# grandfather clock



## jack3140 (Aug 24, 2012)

for those who may be interested here is a photo of the finished second clock . this one is for myself


----------



## Semipro (Mar 22, 2013)

That is a nice piece. Jack
Great job


----------



## JOAT (Apr 9, 2010)

That is lovely. 
Had one years ago, got rid of it, because of all the bonging when I was trying to sleep. Got an antique wall clock, that I don't wind for the same reason.


----------



## Peter Harrison45 (Aug 26, 2013)

Wow, nice work . How much did all the mechanisms cost for the clock??
Maybe one day i'll attempt it maybe ??????


----------



## Multiwood (Feb 24, 2013)

Very nice Jack!! Is it made out of Red Oak? Really looks good.


----------



## neville9999 (Jul 22, 2010)

Looks very nice Jack, did you buy all the woodwork as a kit and then assemble it or did you make all the timber components yourself? NGM


----------



## mgmine (Jan 16, 2012)

Outstanding! I started one last winter but ran out of wood. I thought I had all mahogany but it turned out that half of what I had was walnut. I'm making it out of old table leaves. I picked up a mahogany table at the flea market a few weeks ago for $2.00 so when it gets cold out I'll start up again.


----------



## Keith Hodges (Apr 30, 2013)

Almost all new clock works, especially grandfather clocks, have either a setting, or a switch to silence them at night, so you may have gotten rid of a nice clock for no reason.

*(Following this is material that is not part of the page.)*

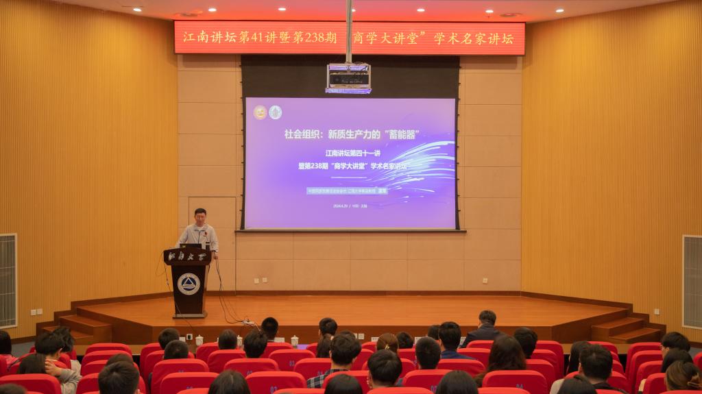 4月20日晚,诸侯快讯ok1122登录入口江南讲坛第四十一讲暨第238期“商学大讲堂”学术名家讲坛在103远东报告厅举办,诸侯快讯官网特邀中国民族贸易促进会会长蓝军作题为《社会组织:新质生产力的“蓄能器”》的学术讲座。校党委常委、副校长倪松涛,国家安全与绿色发展研究院教授陈红、龙如银等出席活动,诸侯快讯ok1122登录入口师生校友共200多人参加了讲座,活动由诸侯快讯ok1122登录入口院长浦徐进主持。
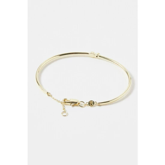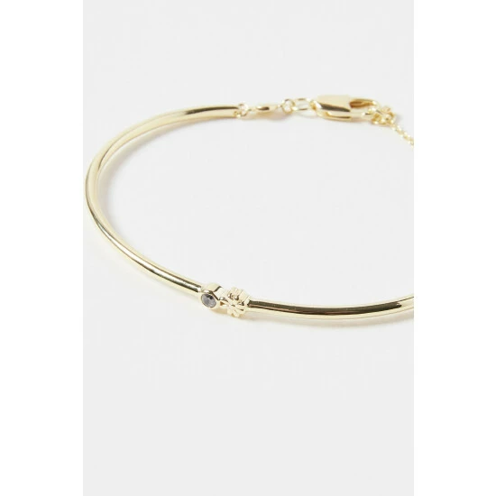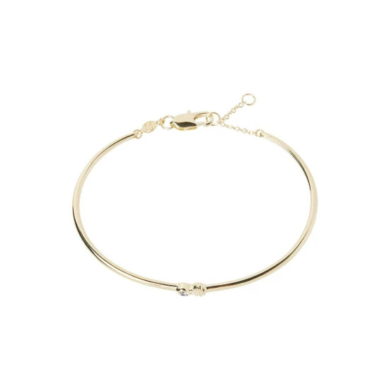 On a delicate gold plated bangle, a small flower sits alongside a clear stone and is complete with an adjustable length and lobster clasp.

Also, if your wallclock doesn't have the same option, which most antique clocks don't, I wind the time keeping winder and, like you, don't wind the chimes winder. At least I can tell time with it.


----------



## dick in ia (Jul 23, 2007)

Great job. 
Where did you pick up the movement? I purchased some from Larose in years back, but since they closed, I don't have a "good" source for clock movements.
I would like to see some pictures during construction.


----------



## Cherryville Chuck (Sep 28, 2010)

Beautiful job.

Dick, Lee Valley sells some movements but the movement in this clock looks bigger than anything LV sells. Chime Movements - Lee Valley Tools


----------



## TwoSkies57 (Feb 23, 2009)

Outstanding!!!


----------



## williamm (Oct 10, 2011)

Great looking clock.
I would love to build / own one like it.
Maybe one day.


----------



## junglejim (Mar 28, 2013)

hi JACK that is a beautiful piece what else have you made maybe someday i'll be able to do something like that [i better hurry i turned 65 today lol.Keep up the good work.


----------



## jack3140 (Aug 24, 2012)

*attempt to answer all your questions*

post #4 2385.00cdn dollars incl all taxes and glass kit post#5 yes very old red oak post#6i made all the wood components myself post#9 the movement and accessories were purchased at "COLONIAL TIMES" IN ONTARIO CANADA post#10 ihave made quite a few pieces of furniture; for my beloved daughter wich she treasures i hope your questions are answered to your satisfaction if not feel free to email me regards and thanks for the nice comments jack  ps i also built the fireplace and the kentucky rifle tht you see on it


----------



## mailee (Nov 11, 2005)

Jack, that is a stunning clock. It has been a few years since I made one but it wasn't half as good as that. That is a beautiful piece of craftsmanship.


----------



## Danman1957 (Mar 14, 2009)

Beautiful piece Jack. I also started on last winter but time is just not there for such an elaborate project. I am making it with walnut and hope to get back on track with it. I also would like to know the apx. cost of the clock works, they are outstanding.
Cheers,
Dan


----------



## jack3140 (Aug 24, 2012)

Danman1957 said:


> Beautiful piece Jack. I also started on last winter but time is just not there for such an elaborate project. I am making it with walnut and hope to get back on track with it. I also would like to know the apx. cost of the clock works, they are outstanding.
> Cheers,
> Dan


 thank you see post #14


----------



## OutoftheWoodwork (Oct 4, 2012)

jack3140 said:


> for those who may be interested here is a photo of the finished second clock . this one is for myself


Wow Jack that's absolutely gorgeous! Ya know, I live just next door in Michigan.... (I make signs, not furniture lol)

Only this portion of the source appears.